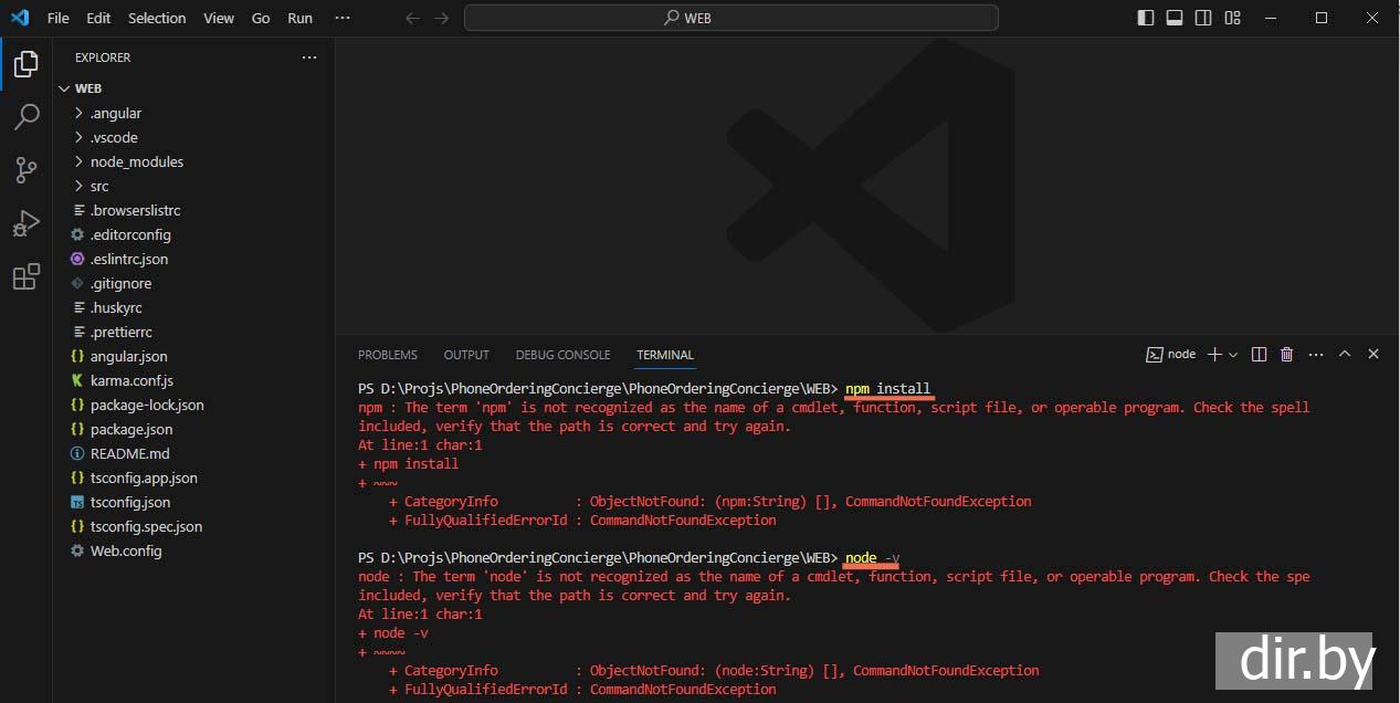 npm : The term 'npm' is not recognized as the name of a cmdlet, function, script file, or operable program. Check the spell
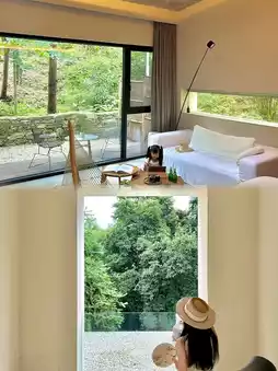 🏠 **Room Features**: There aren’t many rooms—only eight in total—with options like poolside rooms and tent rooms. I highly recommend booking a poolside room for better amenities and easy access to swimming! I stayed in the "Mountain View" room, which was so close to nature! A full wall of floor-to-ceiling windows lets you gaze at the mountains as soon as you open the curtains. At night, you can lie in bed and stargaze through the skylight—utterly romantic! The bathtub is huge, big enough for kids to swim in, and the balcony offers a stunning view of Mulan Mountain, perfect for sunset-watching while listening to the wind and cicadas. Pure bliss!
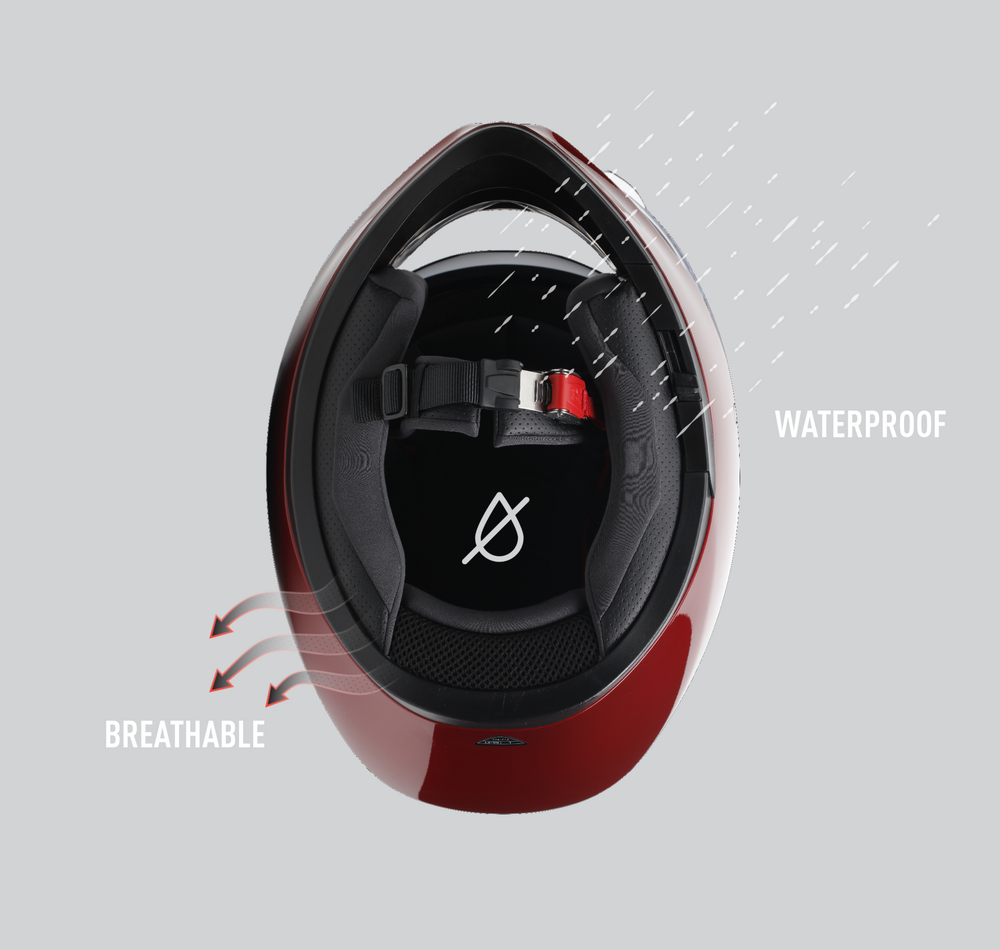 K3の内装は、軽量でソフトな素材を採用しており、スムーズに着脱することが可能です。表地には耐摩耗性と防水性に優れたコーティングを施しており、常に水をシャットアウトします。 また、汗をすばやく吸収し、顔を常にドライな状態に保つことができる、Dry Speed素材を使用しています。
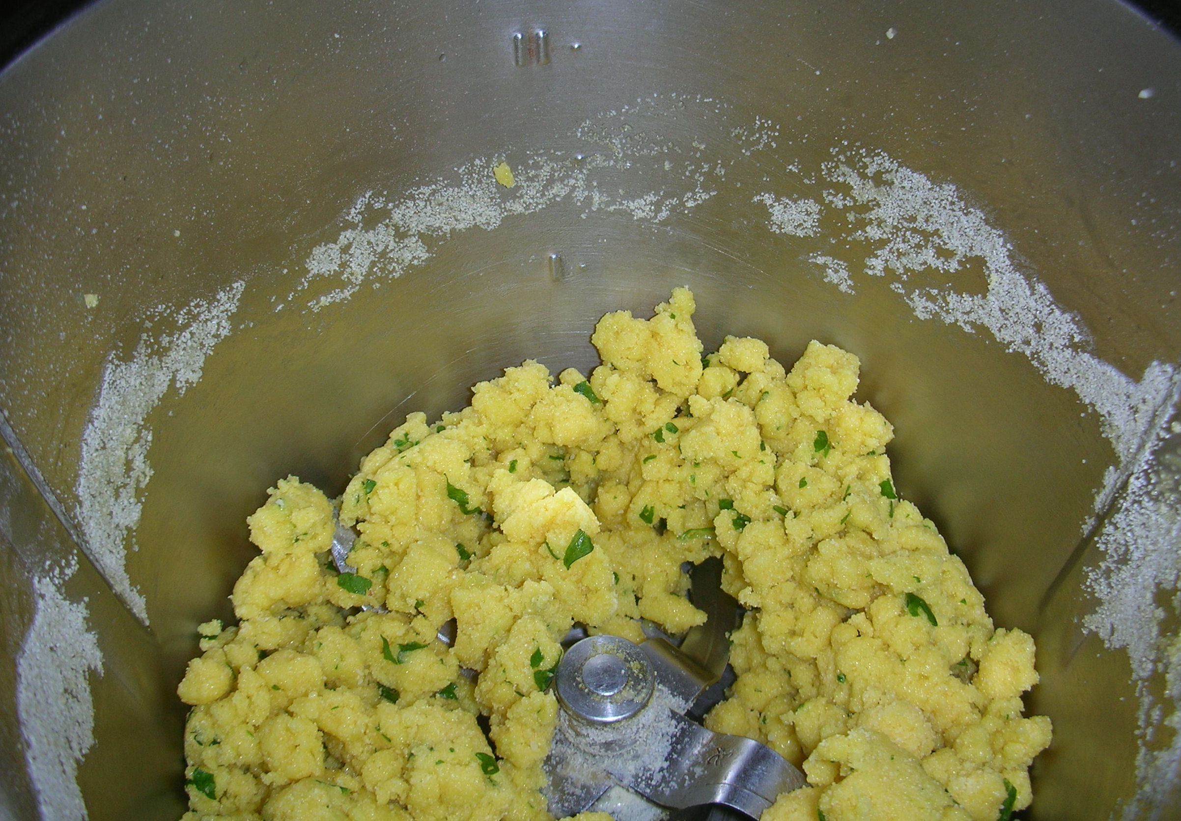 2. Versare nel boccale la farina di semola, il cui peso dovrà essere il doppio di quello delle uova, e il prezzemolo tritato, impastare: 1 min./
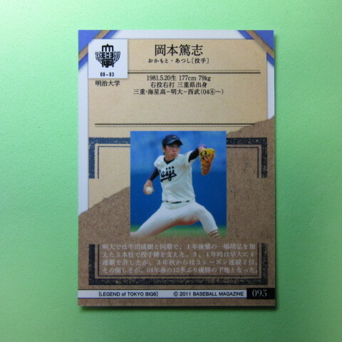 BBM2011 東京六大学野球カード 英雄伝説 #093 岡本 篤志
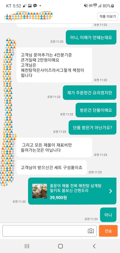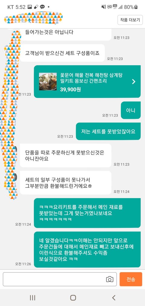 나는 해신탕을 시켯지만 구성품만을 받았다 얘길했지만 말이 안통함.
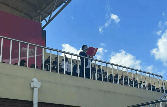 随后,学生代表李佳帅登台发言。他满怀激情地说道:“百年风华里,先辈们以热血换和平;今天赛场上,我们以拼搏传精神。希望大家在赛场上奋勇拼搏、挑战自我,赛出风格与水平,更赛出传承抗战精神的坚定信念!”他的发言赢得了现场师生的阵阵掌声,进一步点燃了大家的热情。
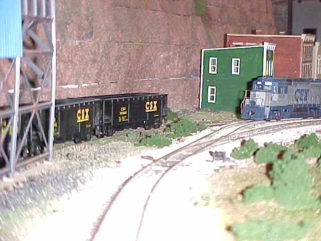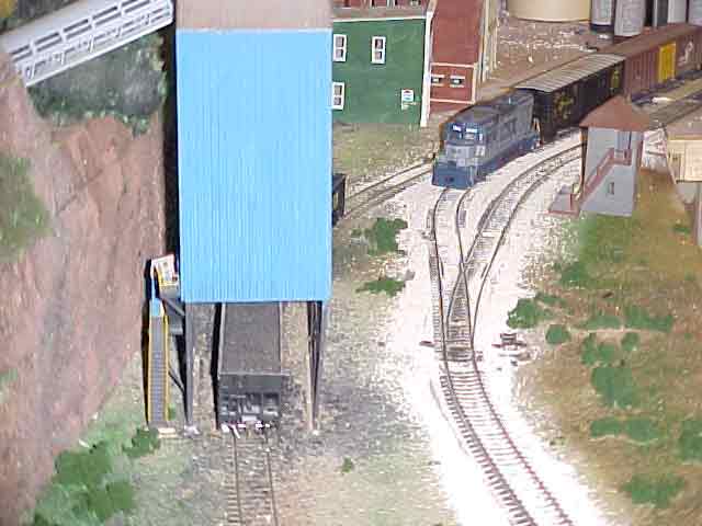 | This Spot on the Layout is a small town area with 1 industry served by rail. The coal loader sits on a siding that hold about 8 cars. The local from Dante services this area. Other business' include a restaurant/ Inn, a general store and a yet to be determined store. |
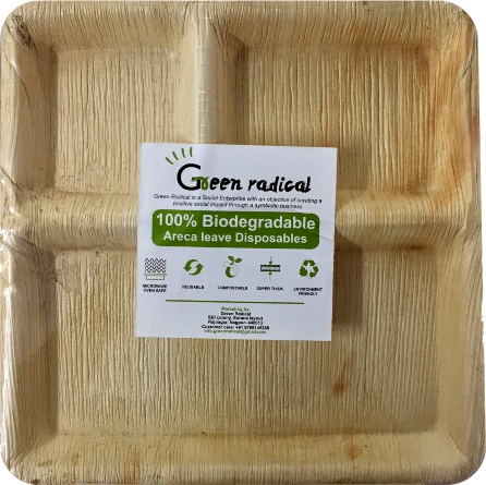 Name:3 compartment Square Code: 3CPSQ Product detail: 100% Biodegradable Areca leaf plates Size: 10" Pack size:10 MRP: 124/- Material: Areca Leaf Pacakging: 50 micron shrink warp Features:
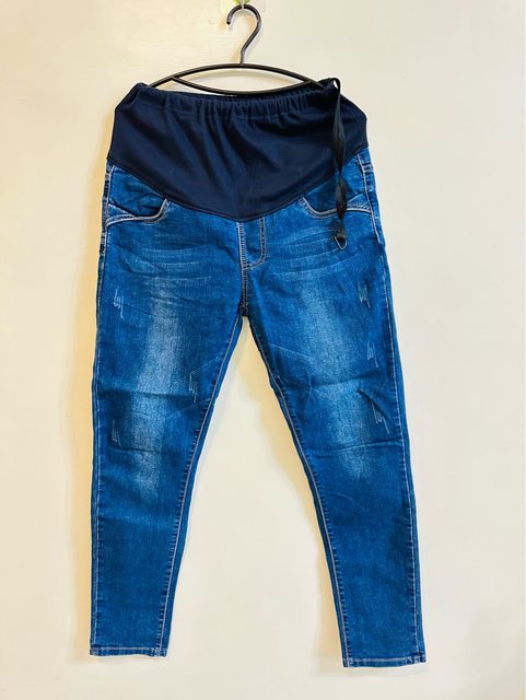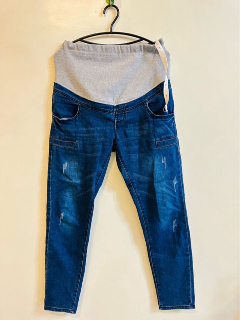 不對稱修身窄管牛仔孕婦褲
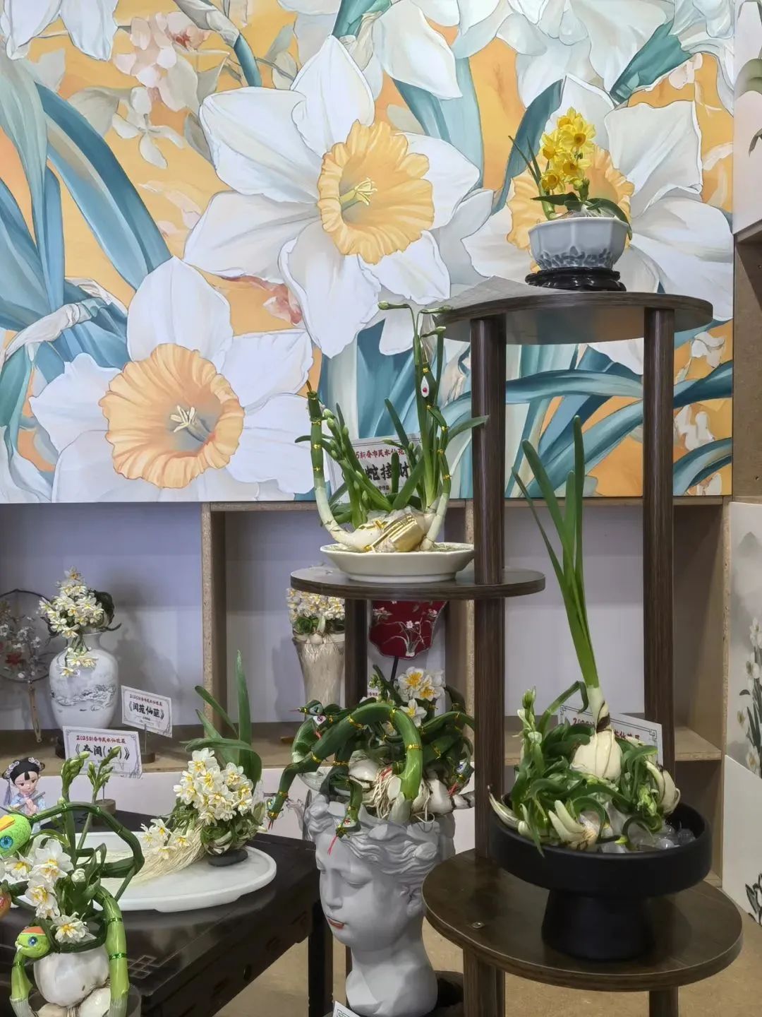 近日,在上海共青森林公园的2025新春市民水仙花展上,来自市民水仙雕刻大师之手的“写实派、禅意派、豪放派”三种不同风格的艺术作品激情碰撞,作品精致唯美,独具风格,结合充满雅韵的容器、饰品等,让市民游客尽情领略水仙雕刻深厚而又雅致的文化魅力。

====================

Every line from the one containing "determined store. |" to the final line of the records must be transcribed exactly, both ends included, with the pictures left out.

 | This Spot on the Layout is a small town area with 1 industry served by rail. The coal loader sits on a siding that hold about 8 cars. The local from Dante services this area. Other business' include a restaurant/ Inn, a general store and a yet to be determined store. |
 Name:3 compartment Square Code: 3CPSQ Product detail: 100% Biodegradable Areca leaf plates Size: 10" Pack size:10 MRP: 124/- Material: Areca Leaf Pacakging: 50 micron shrink warp Features:
 不對稱修身窄管牛仔孕婦褲
 近日,在上海共青森林公园的2025新春市民水仙花展上,来自市民水仙雕刻大师之手的“写实派、禅意派、豪放派”三种不同风格的艺术作品激情碰撞,作品精致唯美,独具风格,结合充满雅韵的容器、饰品等,让市民游客尽情领略水仙雕刻深厚而又雅致的文化魅力。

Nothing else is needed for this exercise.